Report: U.S. to slap ZTE with restrictions in move that could affect Qualcomm, Broadcom and others

The U.S. Commerce Department will place export restrictions on ZTE this week, according to a Reuters report, for allegedly violating U.S. export controls on Iran. The restrictions, which will take effect tomorrow, will require the Chinese manufacturer's suppliers to apply for an export license before shipping any U.S.-made equipment or parts to ZTE.

Those license applications "generally will be denied," Reuters reported.

Bloomberg reported that ZTE relies on U.S. companies for 43 percent of the components and services it sells, and the top U.S. exporters to ZTE include Avnet, Qualcomm, Broadcom and Intel. With ZTE depending heavily on major U.S. suppliers for vital parts, any U.S. restrictions are sure to cause supply problems that will slow the company's growth. But those restrictions will also likely have a negative impact on American companies such as Qualcomm, Broadcom and Intel.

ZTE has quietly gained traction in the U.S. and in September became the fourth-largest smartphone vendor in the American market. The company recently said it expected to report a 43.5 percent increase in full-year net profit for 2015.
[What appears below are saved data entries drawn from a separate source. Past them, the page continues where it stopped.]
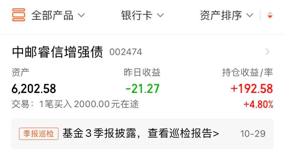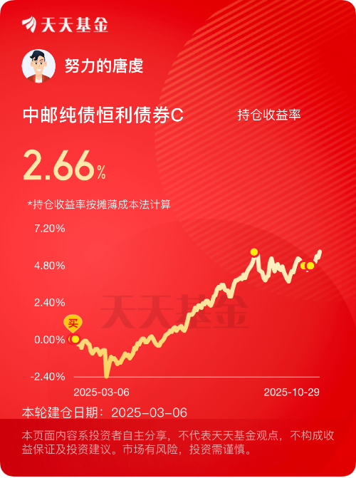 阳光空气与你 更新于 10-30 14:43 464次浏览 今天固收+基金中邮纯债恒利债券C爆蛋35个,昨天刚好买到小凹点了!近1年涨幅11.40%,回撤也比较好的,还是比较难得滴! #好基已就位##A股突破4000点!下个目标位在哪?# 210
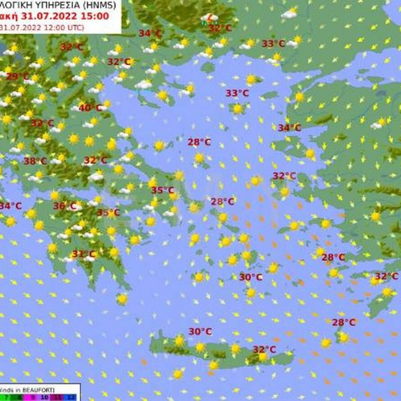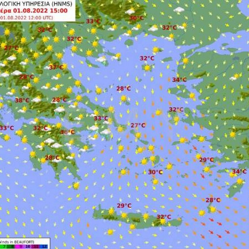 Θερμοκρασία: Έως 32 με 33 και στη νότια Κρήτη έως 37 βαθμούς Κελσίου.
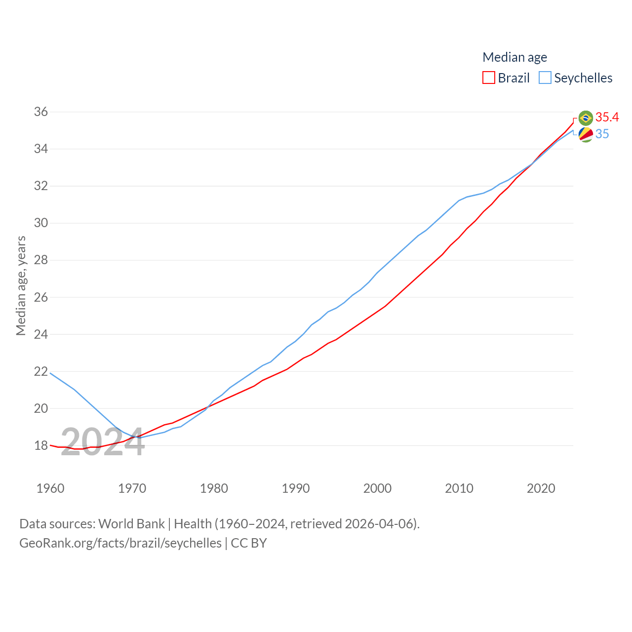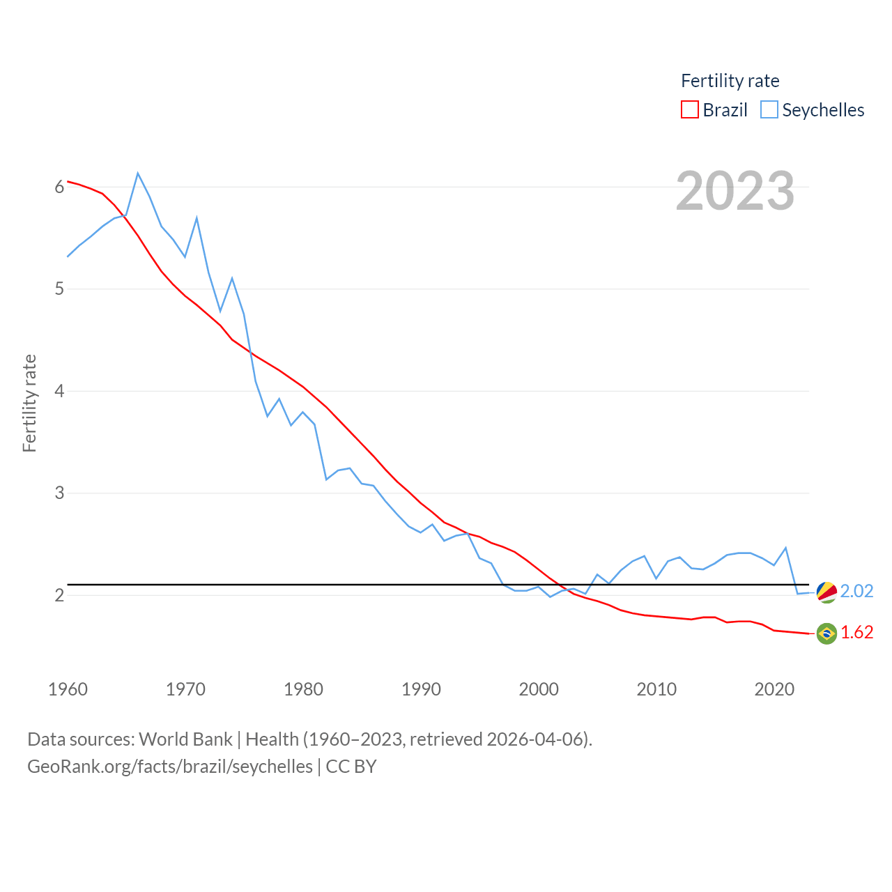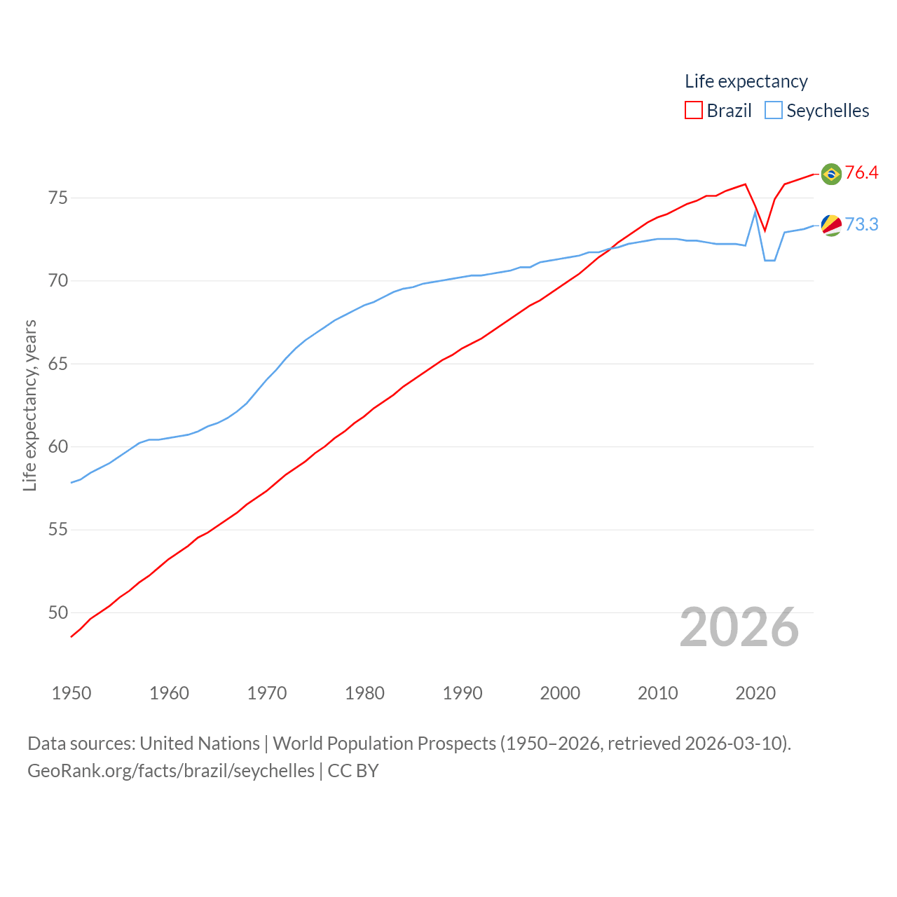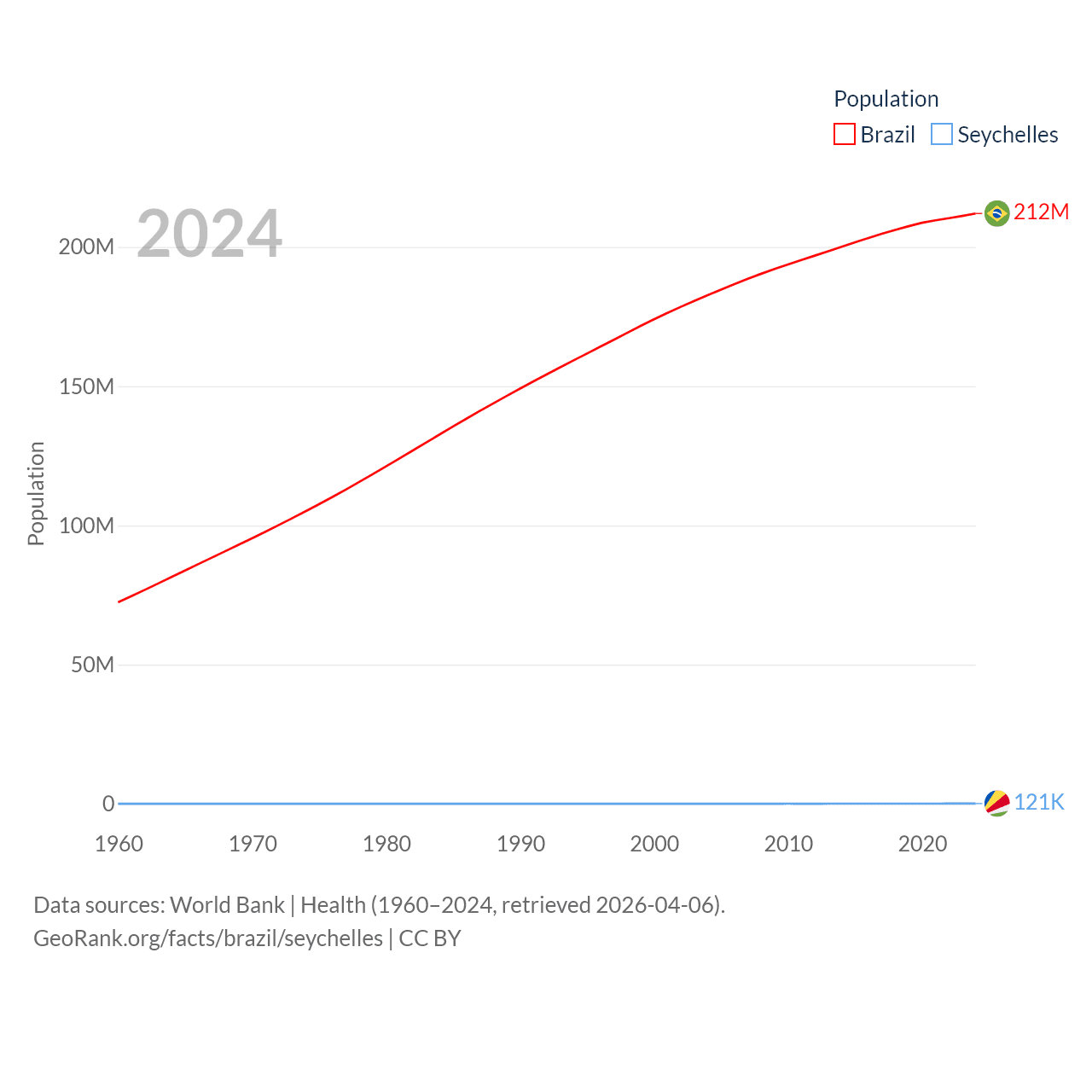 Brazil has a population of 212M (ranked 7/197), compared with 121K in The Seychelles (ranked 181/197). Brazil's land area is 3,227,096 sq mi versus 177.6 sq mi for The Seychelles (ranked 5th vs. 181st).

This isn't the first time ZTE has faced export issues. The Commerce Department investigated ZTE for alleged export-control violations in 2012 following reports the company had inked deals to ship hardware and software from American tech businesses to Telecommunication Co of Iran (TCI), that country's largest telecom operator. ZTE's U.S. partners at the time included Microsoft, IBM and Oracle, although they said they weren't aware of possible ZTE contracts with TCI.

ZTE this week said in a statement to Reuters that it "is highly concerned about recent media reports relating to a U.S. Department of Commerce investigation…. ZTE has been working with associated U.S. government departments on investigations since 2012 and maintains constant communication with associated departments and is committed to fully address and resolve any concerns."